If you’re over 55 years old you may qualify for a reverse mortgage if you have enough equity in your home. You could get a lump sum payment or monthly income stream, up to 50 per cent of your home’s value. The money is tax-free, income is not a qualifying factor, and you don’t pay a dime on the loan until the house is sold.
But Scott Evans of BlueShore Financial says a reverse mortgage should only be considered if you’ve exhausted all your other options. That’s because these types of loans typically have higher interest rates than other types of mortgages and the interest continues to compound until you pay off the debt.
For example, if you took $100,000 out of your home at 6.49 per cent and you don’t pay anything back but at the end of five years the compounded interest combined with the original debt would total $137,632.

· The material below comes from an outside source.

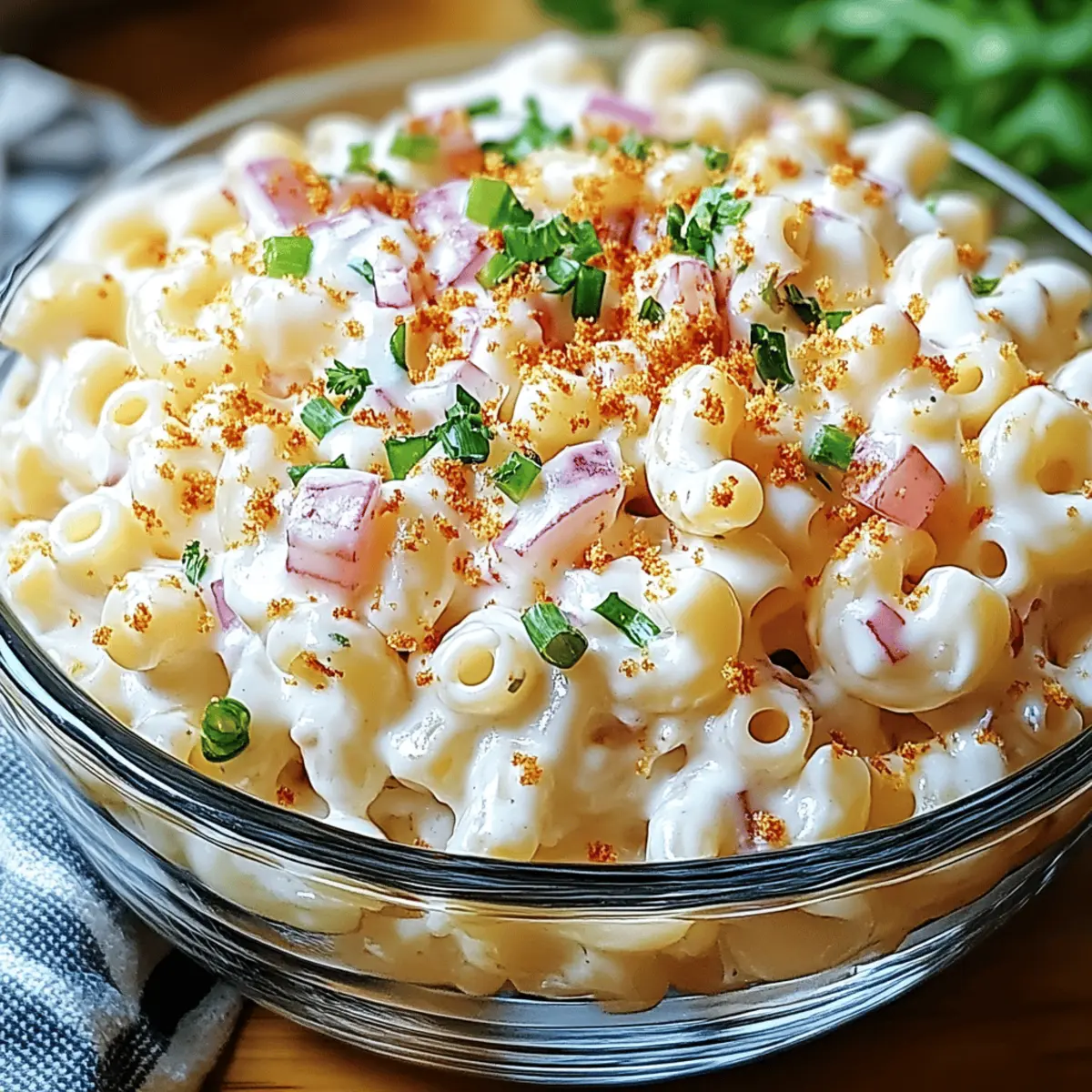 Delicious Hawaiian Macaroni Salad for Your Next Summer BBQ Posted on October 7, 2025October 7, 2025 by Mandy Evans As I whisked together the creamy dressing for my Hawaiian Macaroni Salad, a wave of nostalgia washed over me—this dish has always transported me to sun-soaked beach picnics and festive family get-togethers. This delightful salad combines tender elbow macaroni with a tangy dressing that’s not only easy to prepare but can also be customized to suit your taste. Whether you’re craving something light for summer barbecues or a comforting side for holiday feasts, this Hawaiian Macaroni Salad is your go-to crowd-pleaser. Plus, it’s gluten-free if you choose the right pasta, making it accessible for everyone at the table. So, are you ready to bring a taste of the tropics into your kitchen? Let’s dive in! Why is Hawaiian Macaroni Salad a Must-Try? Crowd-Pleasing: This Hawaiian Macaroni Salad is the ultimate crowd-pleaser, sure to impress family and friends at any gathering. Easy to Customize: With its versatile base, you can easily customize ingredients to suit your taste or dietary needs—think diced pineapple for a sweet twist or gluten-free pasta to cater to everyone. Quick Preparation: This recipe’s simple steps mean you’ll have a delicious side dish ready in no time, perfect for last-minute gatherings or busy weeknights. Fresh and Flavorful: Each bite bursts with freshness, combining creamy and tangy flavors that evoke the feeling of a tropical paradise. Perfect for Any Occasion: Whether it’s a summer BBQ, holiday feast, or potluck, this salad fits seamlessly into any menu, making it a staple to keep in your recipe arsenal. If you’re interested in other delightful side dishes, check out my post on Whipped Feta with Roasted Vegetables for more crowd favorites! Hawaiian Macaroni Salad Ingredients For the Salad • Elbow Macaroni – The classic base providing a tender bite; feel free to swap for gluten-free pasta for a dietary option. • Mayonnaise – This creamy element binds everything; Greek yogurt serves as a lighter alternative. • Rice Vinegar – Adds a subtle tanginess; apple cider vinegar works well if that’s what you have on hand. • Carrots – Freshness and sweetness come from these finely shredded beauties, adding vibrant color. • Onions – They bring a touch of sharpness; consider green onions for a milder taste. • Salt – Essential for enhancing all flavors; adjust to your liking! • Black Pepper – A hint of heat to balance the creaminess; white pepper can be used for a smoother look. • Sugar (optional) – This balances any sharpness; honey is a great natural substitute. For the Garnish • Fresh Herbs (optional) – Chopped parsley or green onions elevate presentation; cilantro gives a fresh twist. • Toasted Sesame Seeds (optional) – These add a delightful crunch and tropical flair; skip if allergies are a concern. With these ingredients, you’re just a few steps away from creating an unforgettable Hawaiian Macaroni Salad! Enjoy bringing this beloved dish into your home. Step‑by‑Step Instructions for Hawaiian Macaroni Salad Step 1: Cook the Pasta Begin by bringing a large pot of salted water to a rolling boil over medium-high heat. Add the elbow macaroni and cook for 7–8 minutes, or until al dente, stirring occasionally. Once cooked, drain the pasta in a colander and rinse it under cold water to halt the cooking process and prevent sticking. Set aside to cool completely. Step 2: Prepare the Vegetables While the macaroni cools, take a cutting board and finely shred the carrots using a box grater. Next, dice the onions into small pieces, ensuring they’re uniform for even flavor distribution. The vibrant colors and fresh aromas will create a delightful base for your Hawaiian Macaroni Salad. Step 3: Mix the Dressing In a large mixing bowl, combine the creamy mayonnaise and rice vinegar, whisking until smooth and well-blended. Season the dressing with a pinch of salt, a sprinkle of black pepper, and optional sugar, stirring until everything is well-integrated. This tangy dressing is the heart of your Hawaiian Macaroni Salad. Step 4: Combine Ingredients Once the macaroni has cooled, add it to the mixing bowl with the dressing. Then, sprinkle in the finely shredded carrots and diced onions. Gently fold all the ingredients together until every piece is coated in the creamy dressing, creating a comforting and colorful salad. Step 5: Chill to Meld Flavors Cover the bowl with plastic wrap and place the Hawaiian Macaroni Salad in the refrigerator. Allow it to chill for at least 1 hour; this resting period lets the flavors develop beautifully, enhancing the overall taste. The cooler temperature will also create a refreshing dish ideal for warm days. Step 6: Serve and Garnish Before serving your creamy Hawaiian Macaroni Salad, give it a gentle stir. Optionally, garnish with chopped fresh herbs like parsley or green onions, or sprinkle toasted sesame seeds over the top for extra crunch. This final touch not only elevates the presentation but also adds layers of flavor. Expert Tips for Hawaiian Macaroni Salad Finely Chopped Veggies: To prevent lumps in your salad, make sure carrots and onions are finely chopped. This uniformity aids in mixing and enhances texture. Make Ahead Magic: Prepare your Hawaiian Macaroni Salad a day in advance. The flavors deepen overnight, making this an ideal choice for potlucks and gatherings. Avoid Freezing: Freezing can alter the creamy texture of your salad, so it’s best enjoyed fresh. If chilled, let it sit at room temperature for 10-15 minutes before serving. Vegan Substitution: For a plant-based twist, swap out the mayonnaise for a vegan alternative. Your Hawaiian Macaroni Salad will still be creamy and delicious! Customize It: Don’t hesitate to get creative—add diced pineapple or bell peppers for extra flavor, or protein like chicken for a heartier dish. What to Serve with Hawaiian Macaroni

“What that results in is erosion of your equity in your home,” said Evans.
If a person lives long enough the debt on a reverse mortgage could exceed the fair market value of the home. But that payment is not due until the homeowner dies and when the house is sold, the lender cannot collect more than it’s worth.
Reverse mortgages also have additional set up costs and fees, which would be deducted from your loan.
Instead, Evans recommends looking into other options like downsizing, deferring your property tax, taking on a tenant or considering a home equity loan at a lower interest rate and with payments you can afford.
But for some retirees who want to stay in their home, a reverse mortgage gives them an option.
“Often it may not make financial sense but it may make emotional sense for someone,” Evans explained. The costs associated with getting a reverse mortgage can run into the thousands of dollars. If you decide to get a reverse mortgage you can try to limit those costs by negotiating the fees. You can also consider taking a monthly income stream instead of a lump sum payment. That way you only pay interest on the money outstanding.